In [1]:
import os
import tensorflow as tf
import numpy as np
import pandas as pd
import matplotlib.pyplot as plt
from sklearn.metrics import mean_absolute_error, r2_score

# Multiple Linear Regression - Train on One Country, Test on Another

In [2]:
path = os.getcwd() + "/clean_data/processed_city_temperature_data.csv"
df = pd.read_csv(path)
df.head(50)

Unnamed: 0,dt,AverageTemperature,City,Country,Latitude,Longitude
0,1743-11-01,6.068,Århus,Denmark,57.05N,10.33E
1,1744-04-01,5.788,Århus,Denmark,57.05N,10.33E
2,1744-05-01,10.644,Århus,Denmark,57.05N,10.33E
3,1744-06-01,14.051,Århus,Denmark,57.05N,10.33E
4,1744-07-01,16.082,Århus,Denmark,57.05N,10.33E
5,1744-09-01,12.781,Århus,Denmark,57.05N,10.33E
6,1744-10-01,7.95,Århus,Denmark,57.05N,10.33E
7,1744-11-01,4.639,Århus,Denmark,57.05N,10.33E
8,1744-12-01,0.122,Århus,Denmark,57.05N,10.33E
9,1745-01-01,-1.333,Århus,Denmark,57.05N,10.33E


In [7]:
def linear_coefs(X, Y):
  """
  Args:
    X: N x d matrix of input features
    Y: N x 1 matrix (column vector) of output response

  Returns:
    Beta: d x 1 matrix of linear coefficients
  """
  beta = tf.linalg.solve(tf.matmul(tf.transpose(X), X), tf.matmul(tf.transpose(X), Y))  # Return closed form solution (use tf.transpose and tf.mathmul instead of np version)
  return beta

In [20]:
def convert_coordinate(coordinate_string):
    """
    Args:
        coordinate_string: Coordinate with 'N' or 'S' for latitude and 'W' or 'E' for longitude

    Returns:
        relative_coordinate: float representation of coordinate (where 'N' and 'E' are positive)
    """
    if 'S' in coordinate_string or 'W' in coordinate_string:
        relative_coordinate = -float(coordinate_string[:-1]) 
    else:
        relative_coordinate = float(coordinate_string[:-1]) 
        
    return relative_coordinate


In [33]:
def multiple_linear_reg(train_data, train_country, input_features, output_features):
    if train_data.empty:
        print(f"No data available for training ({train_country}).")
    else:
        # Training and training plot 
        # Need all datatypes to be the same for tensorflow
        X_train = train_data[input_features].apply(pd.to_numeric).values # Maintain original dimensions (have more than 1 input dimensions now)
        Y_train = train_data[output_features].apply(pd.to_numeric).values.reshape(-1, 1) # Convert to column vectors (stil one output value)

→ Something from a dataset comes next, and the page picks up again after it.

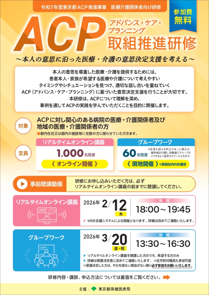 東京都より「アドバンス・ケア・プランニング取組推進研修」のご案内
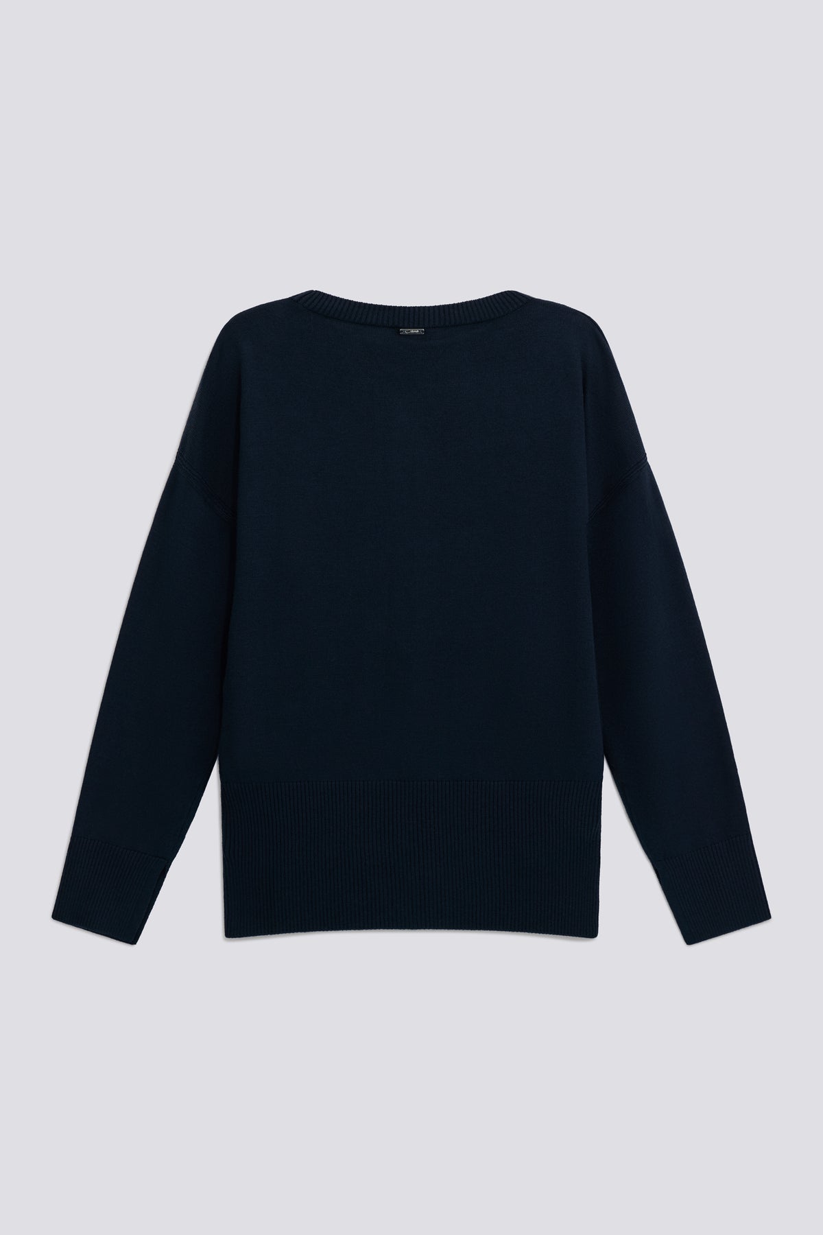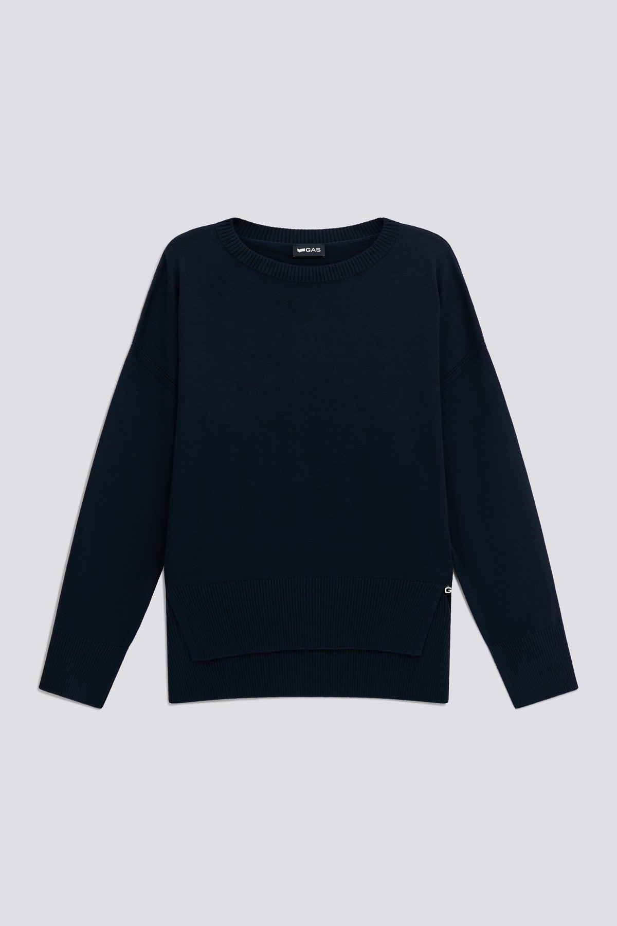Women's crewneck top, regular fit, made from 12-gauge viscose, featuring dropped shoulders and slits. An essential piece for everyday wear, perfect for those seeking comfort and originality. The light and refined design offers a flattering fit that enhances the silhouette, while the slit details add movement and a contemporary touch.

        # Generate linear coefficients on training data (with intercept)
        X_train_with_intercept = tf.concat([X_train, tf.ones([tf.shape(X_train)[0], 1])], axis=1)# Append a dummy feature of ones that is N x 1 (increase dimensionality by 1)
        beta_train_linear = linear_coefs(X_train_with_intercept, Y_train) # Run linear regression on X (including intercept) and outputs Y
        Y_train_prediction = tf.matmul(X_train_with_intercept, beta_train_linear)  # Multiply original inputs X by found features (dot product of input X with parameters produces output Y)

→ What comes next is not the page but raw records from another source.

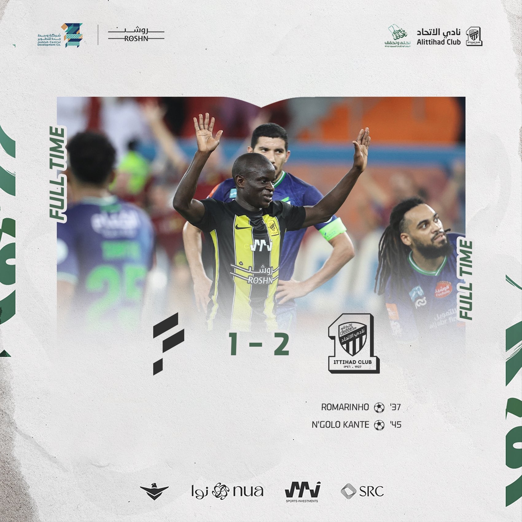 第38分钟,坎特一条龙后助攻,罗马里尼奥破门,吉达联合1-1扳平。↓
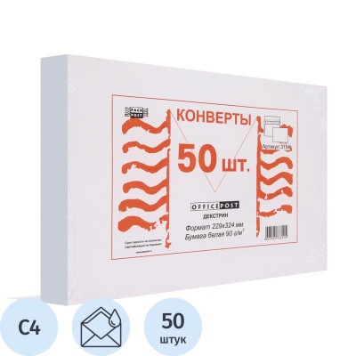 Конверт белый С4 декстрин OfficePost 229х324 50шт/уп/3154
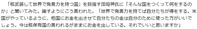 彼は「核武装すれば世界で発言力が増す」と思っているのです。
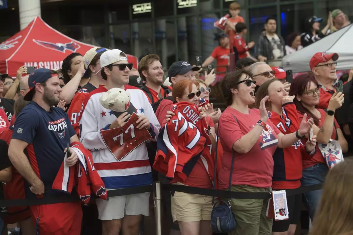 Washington Capitals fans cheer as they await for the arrival of Washington Capitals forward T.J. Oshie, prior to his announcement of his retirement from the NHL, at Washington Harbour, Monday, June 9, 2025, in Washington. (AP Photo/Rod Lamkey, Jr.)
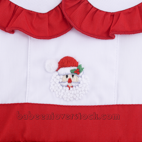 Feature: Long sleeves girl embroidery dress with hand embroidered + french knot Santa Claus on the chest, red ruffles on Peter Pan collar.
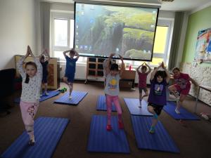 Během kroužku se děti seznamují se základními jógovými pozicemi, dechovými cvičeními, relaxací i hravými pohybovými aktivitami podporujícími soustředění a spolupráci.
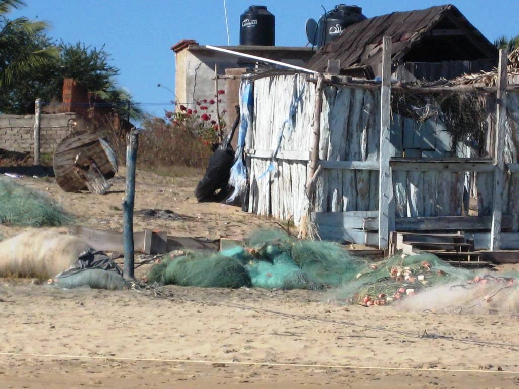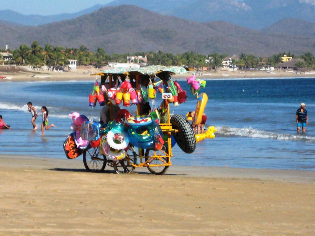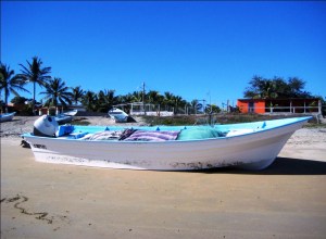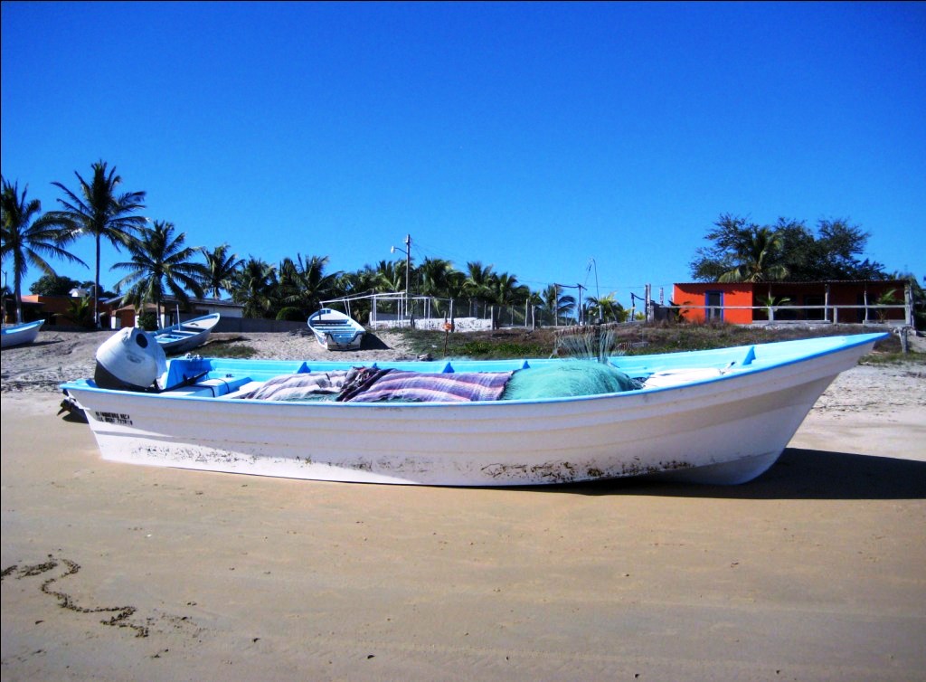 Anyway, over beers and fish tacos we catch up, share our plans, and generally relax. After a while, Tom and I decide to go explore the town behind the beach. It’s called Perula, and there isn’t much to explore, really: the main street, a few tiny stores with smiling people inside, and a plaza. There’s almost no one around, it is Sunday after all and whoever is around would be on the beach, I think. So back to the beach we go, strolling lazily and taking in the view, the colors, the happy kids running around, the gossiping elderly ladies laying completely dressed in the shallow water, the mounds of fishing nets laying in wait.
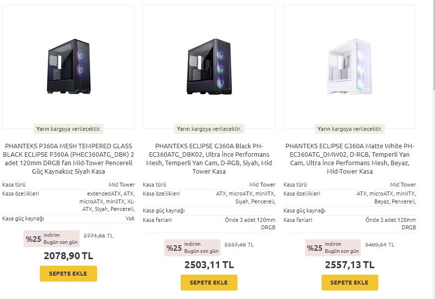 İnventus Phanteks kasalara güzel indirim yapmış. Bugün son gün.
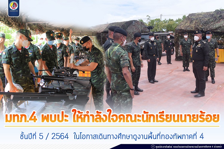 โดยแม่ทัพภาคที่ 4 ได้พบปะ พูดคุยให้กำลังใจนักเรียนนายร้อยชั้นปีที่ 5 ที่เดินทางมาศึกษาดูงานในครั้งนี้ กำชับนักเรียนทุกคน เก็บเกี่ยวประสบการณ์ ความรู้ เพื่อนำไปปรับใช้ให้เกิดประโยชน์อย่างสูงสุดในอนาคตต่อการปฏิบัติหน้าที่ต่อไป สำหรับการลงพื้นที่ศึกษาดูงานของนักเรียนนายร้อยชั้นปีที่ 5 มีกำหนดการระหว่างวันที่ 25 – 30 กันยายน 2564 โดยกองยุทธการ กองทัพภาคที่ 4 ได้บรรยายสรุปภารกิจ และการปฏิบัติงานของกองทัพภาคที่ 4 ด้วยระบบวีดีทัศน์ รวมถึงหน่วยที่เกี่ยวข้องภายในค่ายวชิราวุธ ประกอบด้วย มณฑลทหารบกที่ 41 กรมทหารราบที่ 15 และกรมทหารปืนใหญ่ที่ 5 พร้อมกันนี้คณะนักเรียนนายร้อย ชั้นปีที่ 5 ได้เยี่ยมชมการจัดแสดงอาวุธ และยุทโธปกรณ์ทางทหาร ของกรมทหารราบที่ 15 และกรมทหารปืนใหญ่ที่ 5 บริเวณด้านหน้ากองบัญชาการกองทัพภาคที่ 4 อีกด้วย
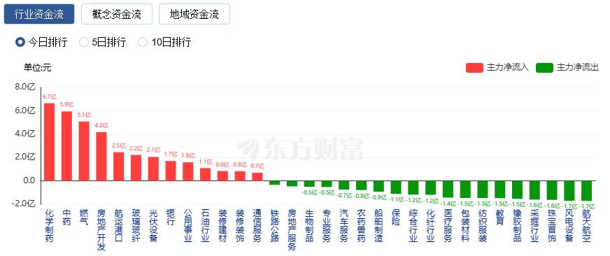 行业资金方面,截至收盘,化学制药、中药、燃气等净流入排名靠前,其中化学制药净流入6.65亿。
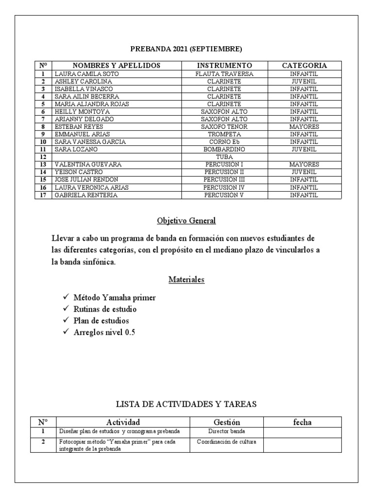 1 Diseñar plan de estudios y cronograma prebanda Director banda

        # Evaluate accuracy of predictions on the training data
        mae_train = mean_absolute_error(Y_train, Y_train_prediction.numpy())
        print(f"Mean Absolute Error (in Celcius): {mae_train}")

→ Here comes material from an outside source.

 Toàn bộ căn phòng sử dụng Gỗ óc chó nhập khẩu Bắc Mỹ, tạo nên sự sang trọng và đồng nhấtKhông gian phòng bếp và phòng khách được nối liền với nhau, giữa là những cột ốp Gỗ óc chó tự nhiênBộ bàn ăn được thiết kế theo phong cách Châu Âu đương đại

        # Evaluate coefficient of determination
        r2_train = r2_score(Y_train, Y_train_prediction.numpy())
        print(f"Coefficient of Determination (r^2): {r2_train}")

In [34]:
# Compute the month offset (monotonically increasing) from the first date for each city
df['dt'] = pd.to_datetime(df['dt'])
df['month_offset'] = (
    (df['dt'].dt.year - df.groupby('City')['dt'].transform('min').dt.year) * 12
    + (df['dt'].dt.month - df.groupby('City')['dt'].transform('min').dt.month)
    + 1)

df_month = df[['month_offset', 'AverageTemperature', 'Country', 'Latitude', 'Longitude']]
df_month.loc[:, 'Latitude'] = df_month['Latitude'].apply(convert_coordinate) # Make sure latitude and longitude are numeric (no characters)
df_month.loc[:, 'Longitude'] = df_month['Longitude'].apply(convert_coordinate)
df_month = df_month.reset_index(drop=False)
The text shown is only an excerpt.